Which would you prefer - and why?

Yamaha 50 four stroke with a jet unit.
Evinrude Etec 50 two stroke with a jet unit.
Honda 50 four stroke with a jet unit.


----------



## bigreid

I would go yamaha or the e-tec. Personally I am a Yamaha guy but I know your boat and the e-tec may be the way to go for weight reasons. I don't know the weight differences but assume the e-tec is lighter. But when I was researching motors I (larger than 50) I was surprised how heavy the e-tecs were, still lighter than the 4-strokes buy not that much. 

Have you talked to George over at Anchorage Yamah and Suzuki marine? He may be able to steer you to a Suzuki. I am not a big honda fan as their 50hp are only 3 cylinders and don't have the torque of the Yamaha's which is important in pushing a big boat. In your case the Honda may be worth looking into. I don't know if the Honda's are fuel injected or not. 

I have seen the Yamaha EFI (Fuel Injected) and know they are a very sweet, smooth motor. I thought my old carburated 4-stroke was nice, the fuel injected ones blow them out of the water!


----------



## bigreid

Bob,
I just looked at the Evinrude site and they listed the 50hp e-tech ant 240 lbs dry weight.

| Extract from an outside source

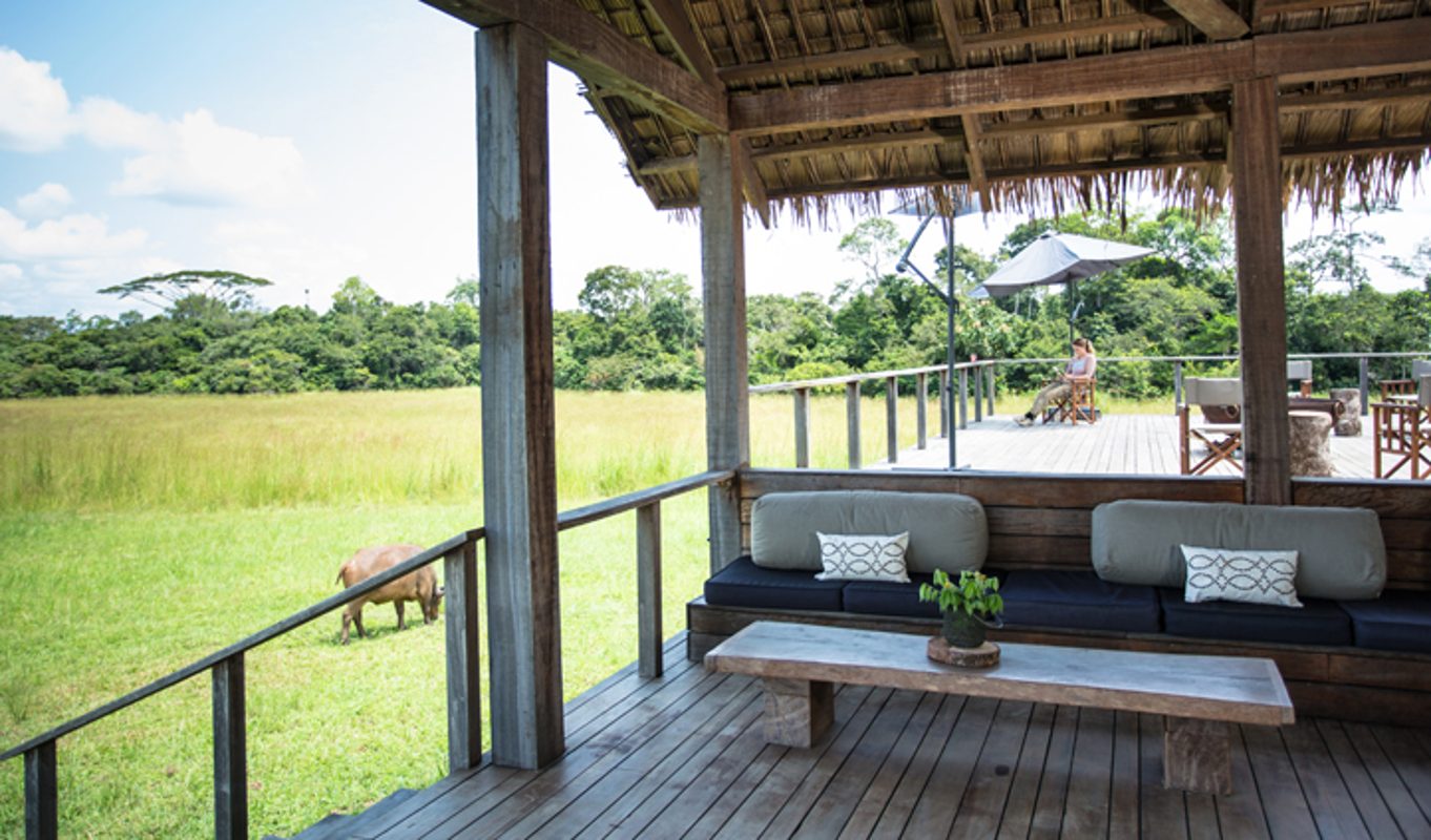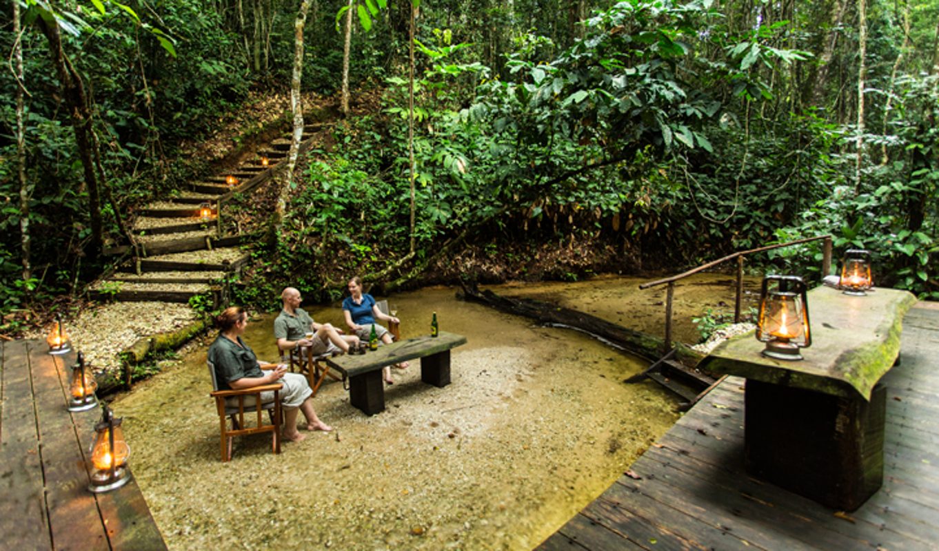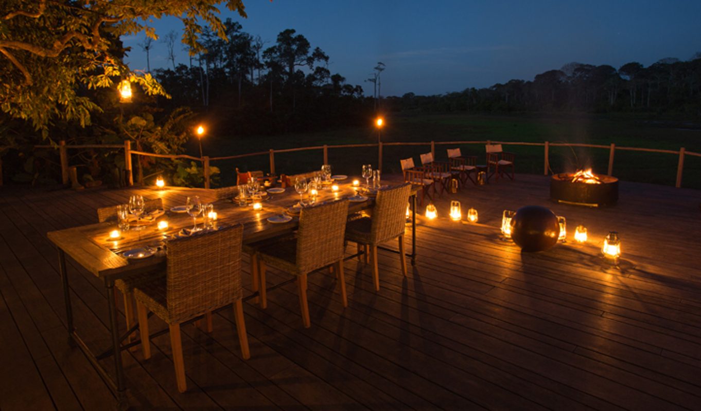 The largest of the three camps, Mboko is perfect for families, with two of the 12 rooms sleeping up to four people. Each of the canvas cabins are built alongside the Lekoli River, a favourite watering hole of Forest Elephants, so don’t be surprised to walk out onto your private deck and spot one down below. The camp is also full of lovely little nooks to unwind in and share stories at the end of the day. We absolutely love the River Deck on the Lekoli where you can feel the rigours of jungle life melt away, with your toes in the water and a drink in your hand. Bliss. In the evenings, head down to the star deck where you can enjoy a drink around the fire pit before a mouthwatering dinner overlooking wide open grasslands.

http://www.brp.com/en-US/Products/Evinrude/Showroom/ProductSpecs.htm?productID=ETEC50

Yamaha lists their 50hp 4 stroke at 237lbs. 

http://www.yamaha-motor.com/outboard/products/subcatspecs/2/specs.aspx

Doesn't make much sense but it looks like the 4-stroke is lighter.

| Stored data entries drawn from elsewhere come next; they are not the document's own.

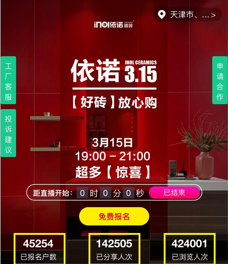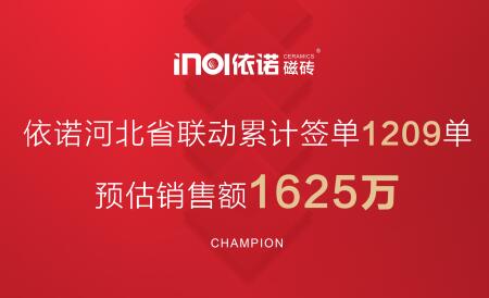 2016年3月27日,依諾磁磚爆破營銷活動在武漢、襄陽、鄭州、徐州、上海、樂山、重慶、瀘西縣、大連、沈陽、唐山、天津12個城市落下帷幕,活動最終以1天1764單的非凡業績,向行業彰顯了依諾磁磚的品牌魅力和影響力。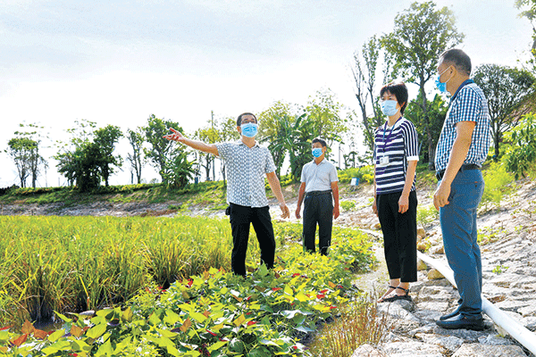 图为福建省诏安县纪委监委“室组”联动工作组,深入南湖现场了解违规占用耕地问题整改情况。吴楠 摄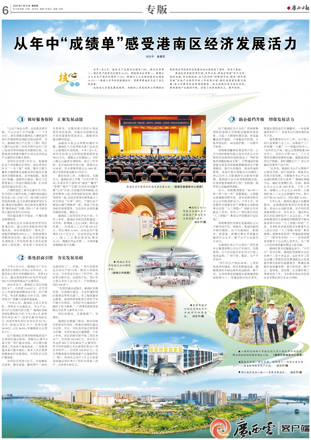 港南区区长殷崇勇介绍,今年以来,港南区坚持“实干为要、创新为魂,用业绩说话、让人民评价”的鲜明导向,聚焦“两年有突破”实施产业转型升级三年攻坚行动,锚定高质量发展不动摇,深入开展实体经济调研服务,加大招商引资力度和实效,持续推动产业提档升级,实现了经济迎难而上、稳中向好。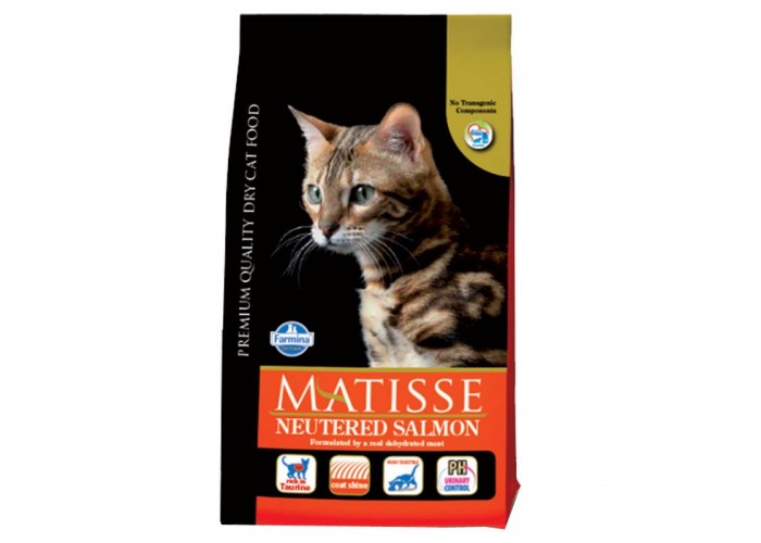 Matisse Cat Neutered Salmon — збалансований сухий корм для стерилізованих котів і кішок. Розроблений фахівцями Farmina спільно з ветеринарними дієтологами, він містить високий відсоток білка з дегідратованого лосося та мінімальну кількість жирів, що допомагає підтримувати оптимальну вагу.
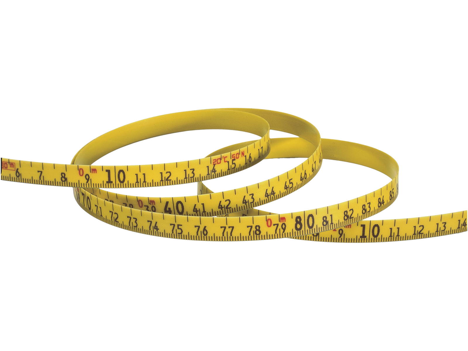Båndmål designet til montering på arbejdsbænke. Fremstillet i rustfrit stål med gradering i millimeter og båndbredde på 13 mm. Skala fra højre til venstre. Tåler kontakt med de fleste kemikalier og opløsningsmidler. Typegodkendt i henhold til EU Klasse II. Fås i flere længder.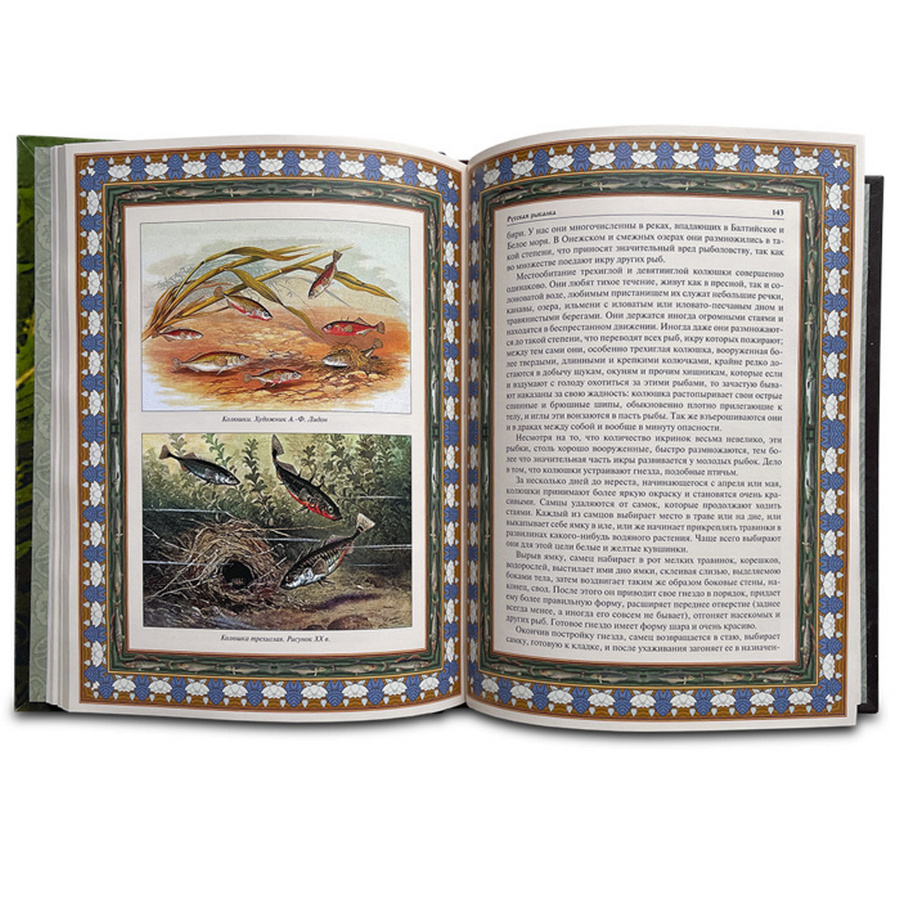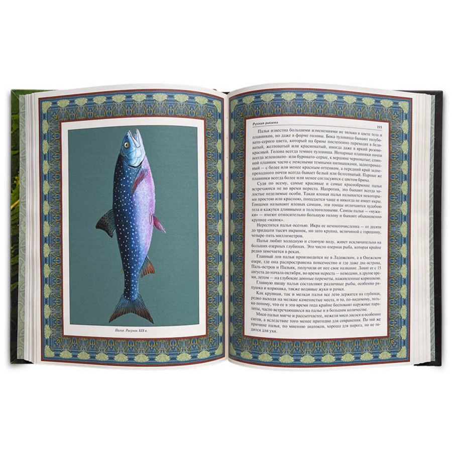 Подарочное, богато иллюстрированное издание в кожаном переплете ручной работы из натуральной кожи с трехсторонним золотым обрезом. Книга оформлена художественным литьем с изображениями рыб, фотопечать на коже, тиснение орнаментом с эффектом золотого напыления.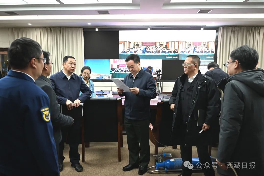 1月7日,自治区党委书记王君正在自治区维稳指挥部调度部署日喀则市定日县6.8级地震抗震救灾工作。记者 旦增西旦 摄

Honda 4-stroke weighs in at 212 lbs, looks like you may have a winner!

http://www.honda-marine.com/modelDetail.aspx?modelGroup=BF50

Suzuki weighs in at 243 lbs.

http://www.suzukimarine.com/sr_07/df50-40/features/


----------



## bobshem

Here are my current prejudices:

Dudley at AK Mining and Diving says that he would opt for a *Honda 50/35 jet* over a jet equipped *50 HP Etec Evinrude*.

He believes that the factory jet-equipped Honda 50/35 is a better performing motor than an Etec with a jet. He says that the gearing in the Honda is optimized for the Outboard Jet. He also likes the short shaft of the factory equipped Honda jet. No riser is needed for a 20 inch transom. My current transom riser should work as is as I have a 15 inch transom built up to 20 inches.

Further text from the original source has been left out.